For the cake
- 4 large eggs, room temperature
- 1 1/2 cups granulated sugar
- 1/2 cup light brown sugar
- 1 cup vegetable oil (canola works, too)
- 2 tablespoons Rodelle pure vanilla extract
- 1 tablespoon baking powder
- 3 cups all-purpose flour
- 3/4 teaspoon salt
- 1/2 cup whole milk
For the champagne buttercream
- 1 1/2 cups champagne (eventually 3 tablespoons reduced)
- 3/4 cups salted butter, room temperature
- 3 1/2 ounces cream cheese, room temperature
- 1 teaspoon Rodelle pure vanilla extract
- 4 cups powdered sugar
- 2/3 cup raspberry jam
- Preheat oven to 350°F. Grease three 8 -1/2″ cake pans and set aside.

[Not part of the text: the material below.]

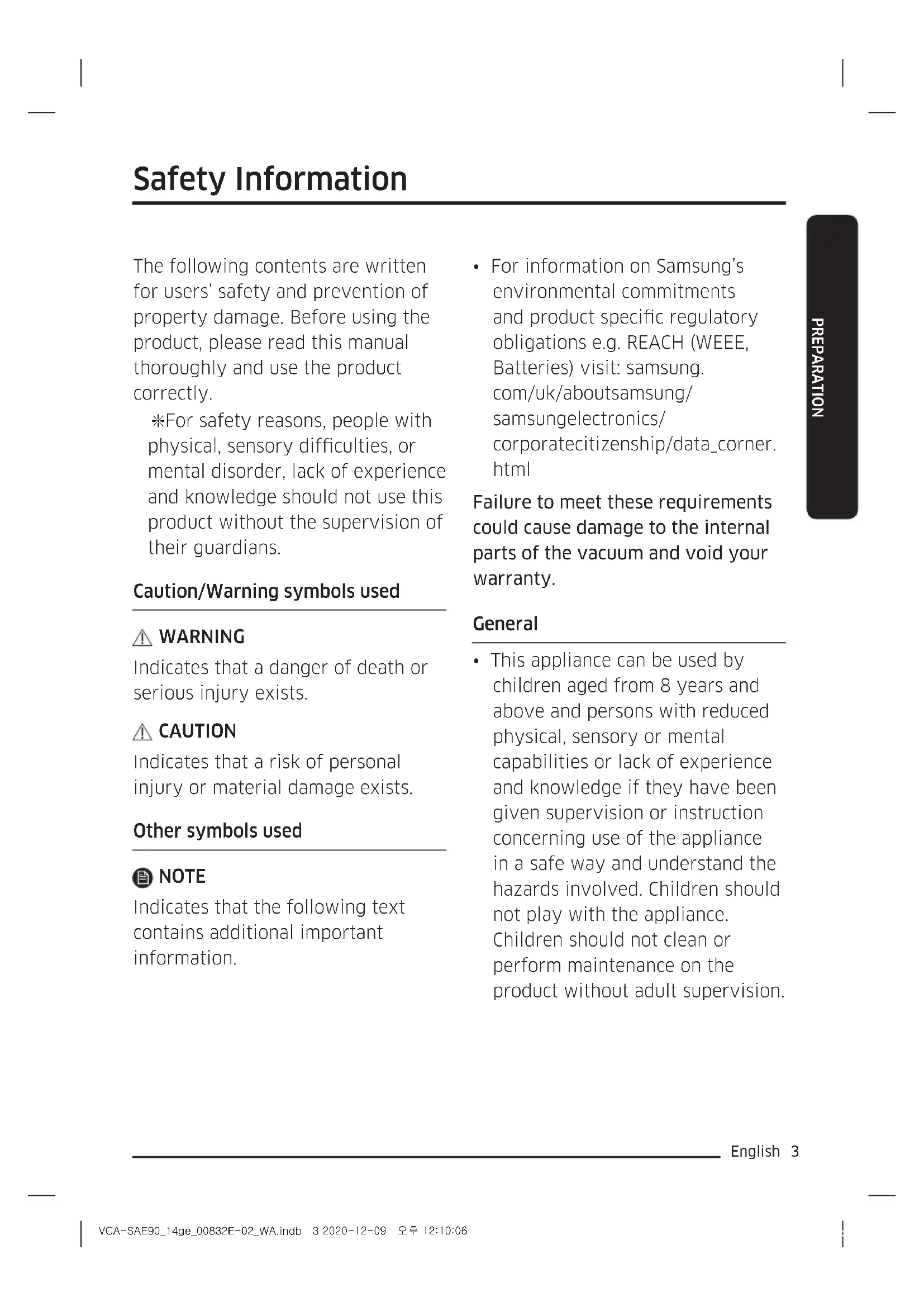 - This appliance can be used by children aged from 8 years and above and persons with reduced physical, sensory or mental capabilities or lack of experience and knowledge if they have been given supervision or instruction concerning use of the appliance in a safe way and understand the hazards involved. Children should not play with the appliance. Children should not clean or perform maintenance on the product without adult supervision. Safety Information PREPARATION VCA-SAE90_14ge_00832E-02_WA.indb 3 2020-12-09 오후 12:10:06English

- In a large bowl, whip eggs and both sugars for 3 minutes. Add in oil and Rodelle vanilla extract.
- In a separate bowl, sift together baking powder, flour, and salt. Fold half of flour mixture into wet ingredients, then pour in half of your milk. Repeat with remaining flour and remaining milk.

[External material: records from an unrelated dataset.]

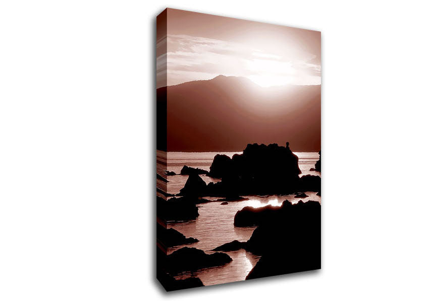 The Suns Mauve Ocean Rocks Canvas Print handmade in the UK. Stretched over a 2 inch thick wooden box frame, ready to hang on your wall.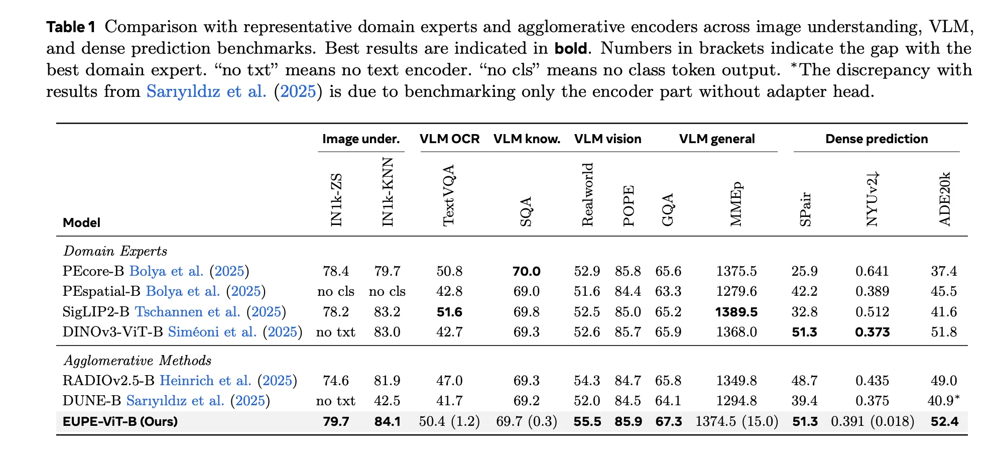 - Vs. agglomerative methods: EUPE outperforms RADIOv2.5-B and DUNE-B on all VLM tasks and most dense prediction tasks by significant margins.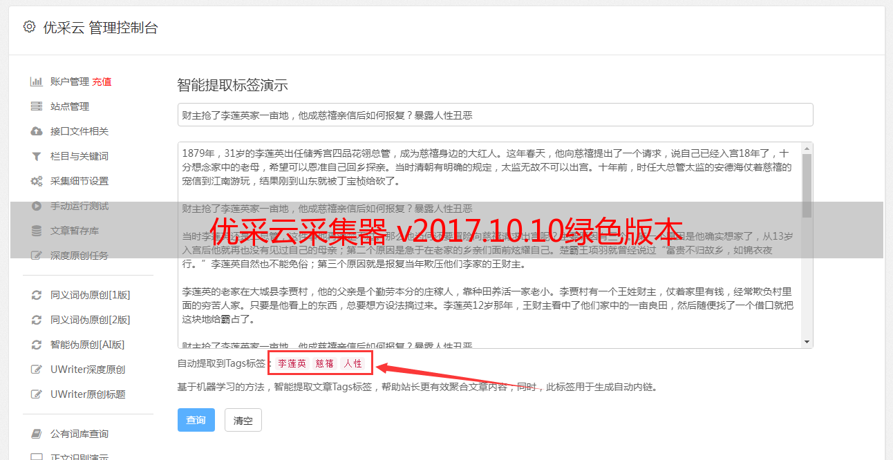 优采云 发布时间: 2020-08-07 10:16优采云采集器是由优采云 Software启动的便捷,实用且功能强大的免费Web数据采集器. 集成了内容采集和信息发布功能,它支持将采集的数据批量上传到各种CMS(decms,empire CMS,phpcms),BLOG(wp,zlobg,BBS(discuz,phpwind)和其他主流程序),并且内置了小巧方便的在发布界面中,可以扩展到功能强大,免费实用,绿色免费安装的任何程序(php,asp,C#,java等). 有需要的用户请下载并体验!
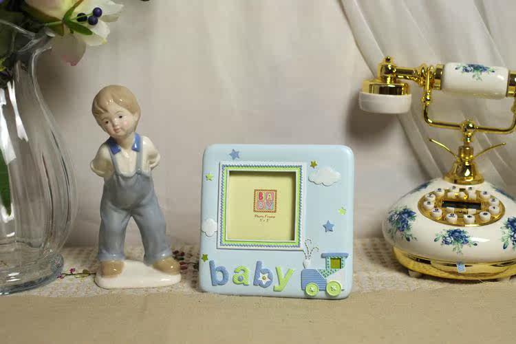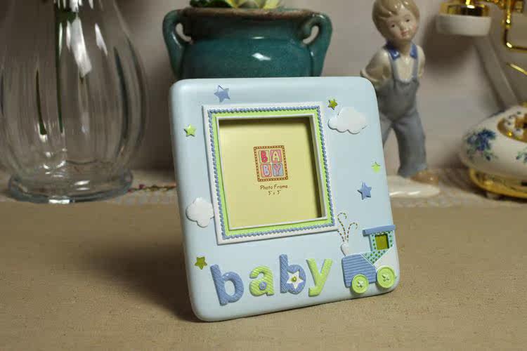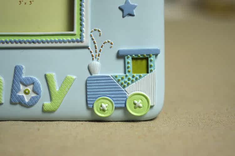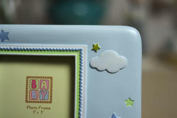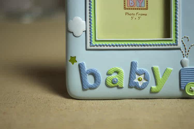 [Specification] Baby Size: 14.6 * 14.5 * 1.9CM; Photo Size: 3 * 3 "[Color] pink, blue[Material] green resin, hand painted, acrylic surface, flannel back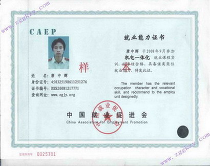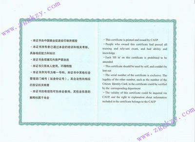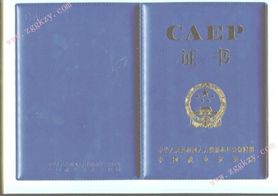 证书背面注:从2009年12月1日起,由中华人民共和国人力资源和社会保障部颁发的证书已更新改版,以下是更新后的证书样本 证书封面

- Pour batter equally into three prepared pans. Bake for 20 minutes, rotating halfway through. Once cooked, allow to cool completely before frosting.
To make the champagne frosting
- Simmer 1 1/2 cups of champagne in a small saucepan over low heat for about 25 minutes, swirling the pan every few minutes to prevent burning. You want to end up with a little over 3 tablespoons of champagne. It will happen! Once reduced, allow to cool completely.

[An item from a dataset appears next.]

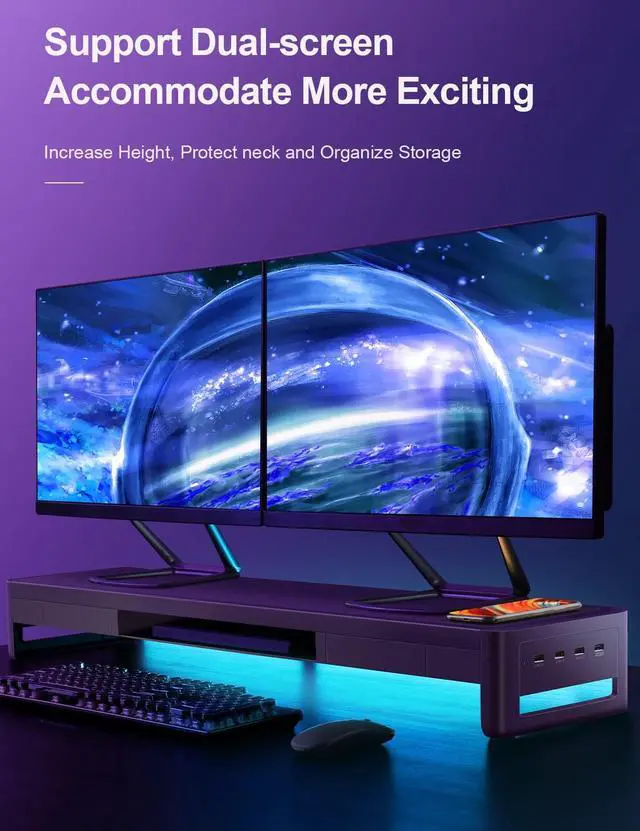 Tips: If your iPhone is properly placed on the charging pad but still can't be charged, please reboot your phone. ^^ Desktop Storage with 2 DrawersOur extra-long monitor stand riser is equipped with 2 pull-out drawers( 5.9 * 6.1 * 1.3 inches), which can store most small office supplies, such as U disks, hard drives, pens, book clips, smartphones etc, keep your desk neat and tidy. An excellent space-saving assistant. ^^ Attentive Customer ServiceCommitted to providing customers with a better shopping experience are our constant pursuit. We sincerely hope to listen to the experience and suggestions of all consumers. Any problem with this monitor stand, you can contact us and we'll offer you a satisfying solution within 24h. ^^ Ideal and Healthy Christmas GiftCorrect posture, protect vision, prevent spinal problems, and enhance work efficiency with the dual monitor stand. Perfect for office, home, school, studio, or game room use. Can be a monitor stand, TV screen stand, or printer stand. Ideal for work, study, gaming, and a thoughtful gift for family, friends, colleagues, and students.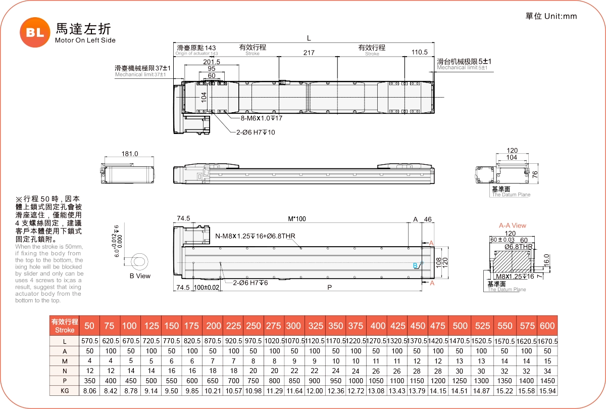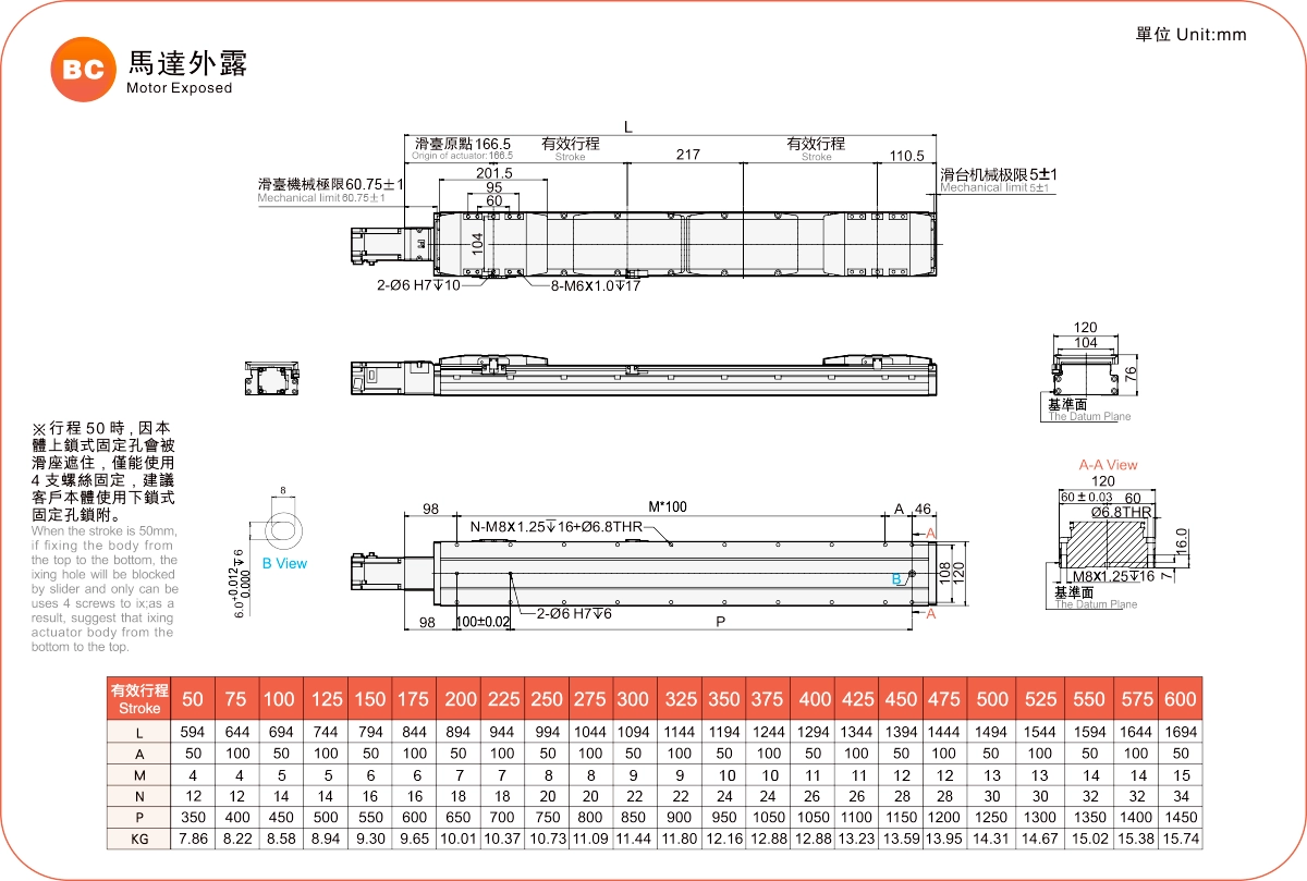 | 高剛性直線導軌(毫米) | 滾珠螺桿執行器 | ||||

- To make the frosting, whip butter, cream cheese, and vanilla extract until light and fluffy, about 2 minutes. Add in 3 tablespoons reduced champagne and powdered sugar, whipping for another 2 minutes. Transfer to a piping bag with a large circular tip (a piping bag sans tip is fine).
- To to assemble the cake, place first layer of cake on cake stand, then generously pipe a circle of frosting around the outer edge of the top of the cake. In a random pattern, pipe frosting into middle of cake, then smooth out middle of frosting with a spatula, keeping the edge/outer rim of the frosting intact. (Basically you’re making a super shallow divot for the raspberry jam). Fill inner divot with 1/3 cup raspberry jam, spreading it evenly.
- Repeat with second layer.
- For third layer, frost top of cake normally, then frost outside with remaining frosting. Use a cake spatula to scrape frosting from sides to create “naked” look.
- Top with blackberries, edible beads, and edible flowers. If you use a sparkler, be aware that some ashes may end up on the top of the cake. I’d make sure you scrape this off before eating!